When fans call this ref blind, it's a compliment
CHARLOTTE (Steve Goldberg's Wheel World) - I've never met a good official in any sport who wasn't as competitive as the athletes he or she was patrolling. Not in the same way though.
More like golfers, they compete not so much against each other as they do with themselves. Always striving to improve; always seeking that perfect game. Unlike the athlete however, their best work is done not to acclaim but in anonymity. The best compliment I can ever give a ref is that I never noticed them.
One man who has that fire is Joe Slaski, who calls basketball, baseball and softball games in and around Rochester, New York.
Basketball refs are often accused of having a disability, that being of the visual impairment variety.
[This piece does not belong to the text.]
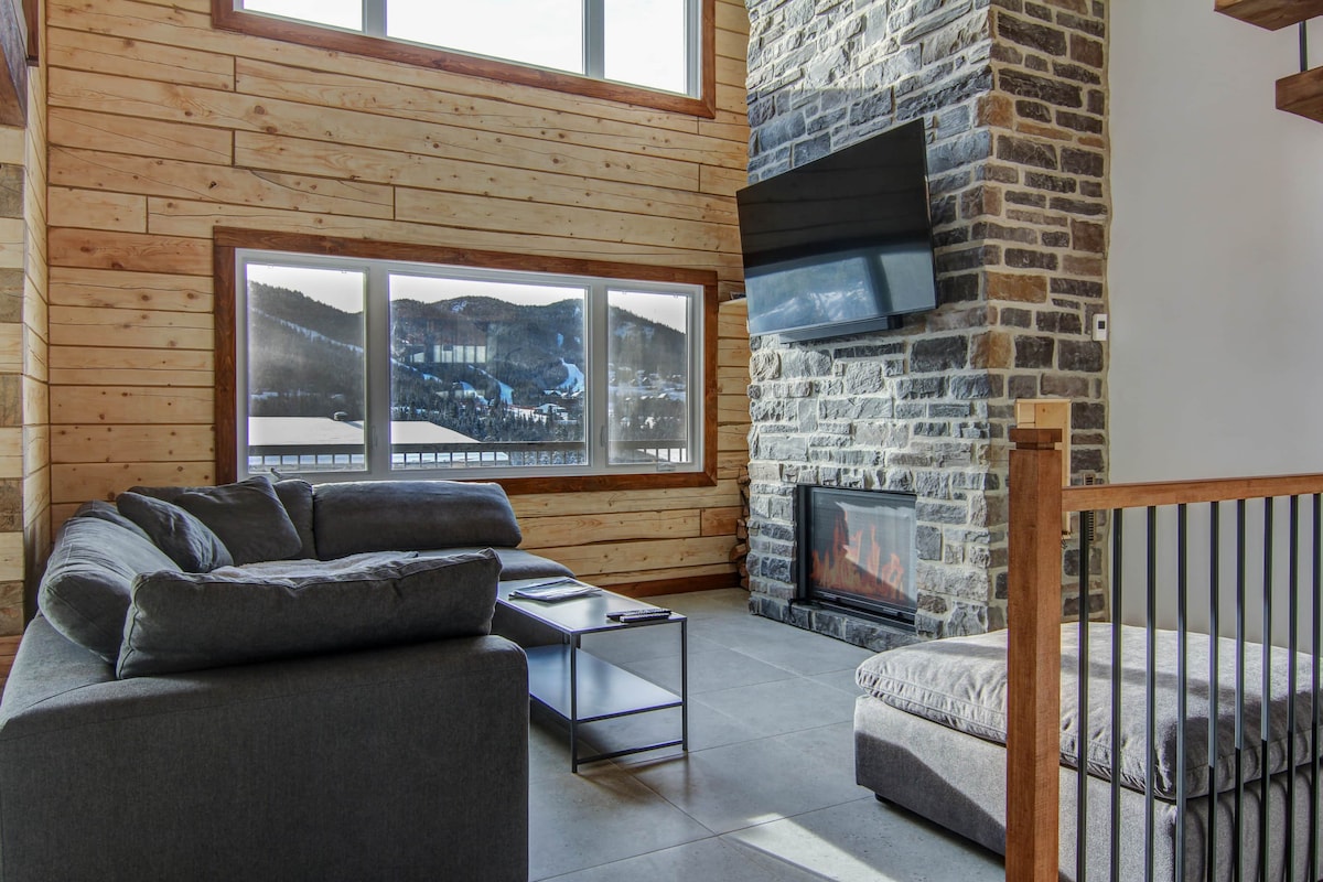 Pour un moment de détente ou de plein air, ce chalet vous comblera avec ces nombreux attraits. Ski, planche à neige, hicking, marche, vélo, nature, raquettes, motoneige, vtt, plage, tout y est ! Dans un décor apaisant et ressourçant, vous serez charmé de relaxer avec le foyer et tout le matériel à votre disposition. Accès au lac à 5 minutes. Laveuse et sécheuse sur demande! Exposition de tableaux sur place. *** NOUVEAU (décembre 2022) : Wifi par satellite vitesse extrême 207 Mbit/s !!

When coaches, players or fans chime out to impugn Slaski's eyesight during a game, he can only smile because it means the fact he uses a wheelchair to get up and down the court doesn't matter. Only the stripes on his shirt and perceived lack of ability to make the right call do.
The 47-year-old Slaski was profiled in a front page story by Todd Clausen in the Rochester (New York) Democrat & Chronicle last week. A referee himself for 15 years now, Clausen learned of Slaski through a video a friend had posted on Facebook.
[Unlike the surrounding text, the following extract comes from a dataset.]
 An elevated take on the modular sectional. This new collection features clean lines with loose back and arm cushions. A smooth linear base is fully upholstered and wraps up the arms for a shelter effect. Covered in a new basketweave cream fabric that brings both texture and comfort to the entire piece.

Intrigued, he found that Slaski was the only person among about 300 referees in that part of New York who was reffing high school basketball from a wheelchair. No one he spoke to knew of any other.
"I have not seen or heard of anybody in that situation at the high school level," said Kim Henshaw, athletic director at Greece Olympia High School in Rochester and an executive board member for the New York State Public High School Athletic Association.
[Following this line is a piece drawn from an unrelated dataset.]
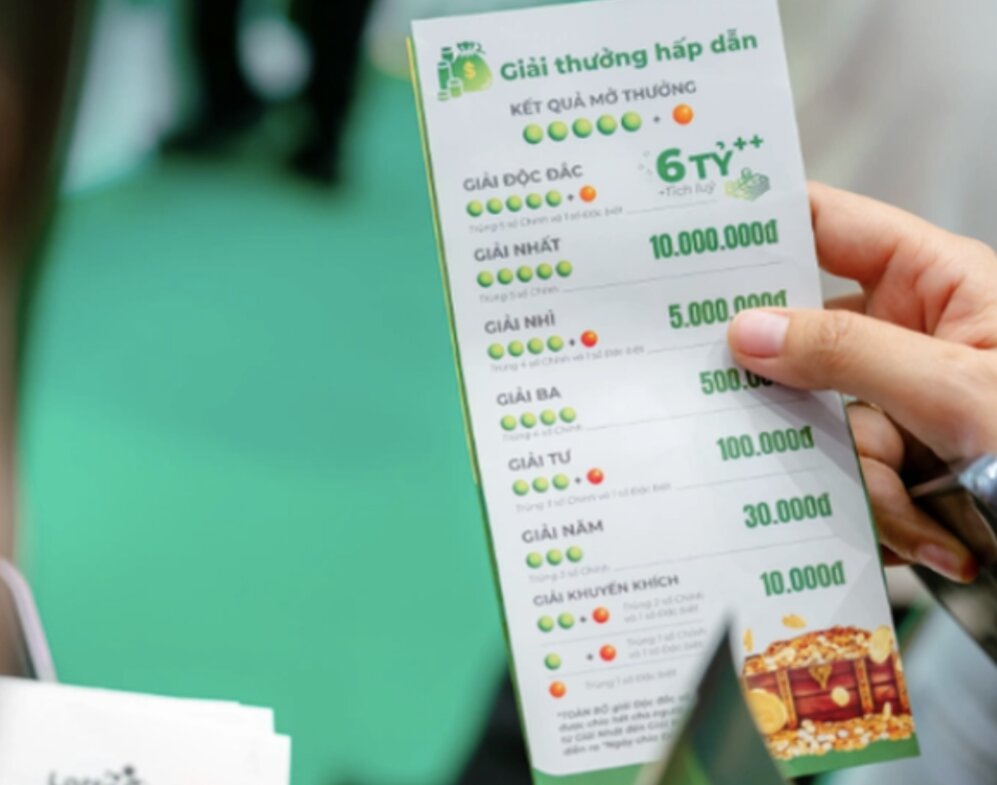 Như vậy, nếu bạn trùng đúng 1 số đặc biệt trong bộ số dự thưởng, bạn đã trúng Giải Khuyến khích với trị giá 10.000 VNĐ . Đây là hạng giải thưởng có giá trị nhỏ nhất nhưng lại có tỉ lệ trúng cao nhất, giúp nhiều người chơi có cơ hội nhận thưởng.

"I don't even think I have heard it or seen it even on the national level ... it's quite unique."
Unique enough to where it's garnered attention from other newspapers and television news as well.
More important, Slaski has impressed the people who've hired him.
"He is an official, first and foremost," Mark Henderson, president of the Central Western Girls Basketball Organization told Clausen. "It's an awesome experience, but it was Joe who had to take that step to contact the board."
To be technical, Slaski hasn't taken many actual steps since a sledding accident in November 1989 left him paralyzed from the waist down. He was 22 and active, both as an athlete and an official who was calling youth soccer and baseball games. He told me that he was looking to see how far he could go with that, perhaps getting to the FIFA level and calling international games.
"To be informed by the doctors that my life would be dramatically changing certainly was a hard pill to swallow," he told Clausen. "But they say whatever doesn't break you makes you stronger, and there certainly has been a lot of good that has come about from a tragic situation."
Like so many others, Slaski learned to play wheelchair basketball while in rehab and joined the local Syracuse Flyers and later played with the more competitive EPVA Eagles and Rochester Wheels, all clubs in the National Wheelchair Basketball Association. He also played sled hockey, rising up to the national team level in the late 1990s.
But he hadn't lost that love of officiating games. That's right, for all you ref baiters and hecklers out there (and yes, I've been one at times). The officials who whistle our games do it because they love it. Nobody puts themselves in the line of that abusive fire just for the money.
I could hear it in Clausen's voice too when I called him to talk about the article and Slaski. He understood why it was important to the hero of his story, because he understands the love of the game that brings officials to the courts day after day and night after night.
Slaski moved from player to official in wheelchair basketball working tournaments and games across the country. He's not the only one to do that but there are only a handful. When he moved to Rochester, he looked past what many would call a disability and got several of the organizations that approve and schedule officials to do so as well.
It wasn't just by asking. He had to do the same training, pass the same rules and fitness tests, and be evaluated on the same level as every other aspiring official.
As recounted by Clausen, one of Slaski's first high school games was a girl's varsity scrimmage Henderson was there to observe the ref using a wheelchair.
"This game had the flair," Henderson said. "Right off the bat, it is a fast break this way and a fast break that way. It was game on. We had bodies on the floor. We had intensity, and that's when he stepped into the game. He established he could officiate and he could keep up with the flow of game."
He also said no special accommodations have been made for Slaski. None were asked for.
"It's empowering," Slaski said of officiating. "I love it. I get a lot of joy and satisfaction out of it. I also think that it's good that the youth, the children, are seeing somebody with a significant disability in a leadership position."
It's not bad for their parents to see it either.
Slaski is never going to get that chance to call a world class soccer match but he’s still pushing forward. Along with calling more standing games, he is excited to get back to doing NWBA games and he's hoping to work the wheelchair basketball games at the Défi sportif AlterGo, a multi-adaptive sport event that begins the end of April in Montreal.
He said that IWBF referees will be there and he wants to learn what it will take to join them on the international stage.
I queried IWBF Secretary General Maureen Orchard who told me that there are currently no IWBF accredited officials using a wheelchair and none that she could recall on that level. She also said that there was nothing precluding anyone from going through the process to see if they could make the grade.
That's what it's all about, right? You can't make the shot if you don't take it.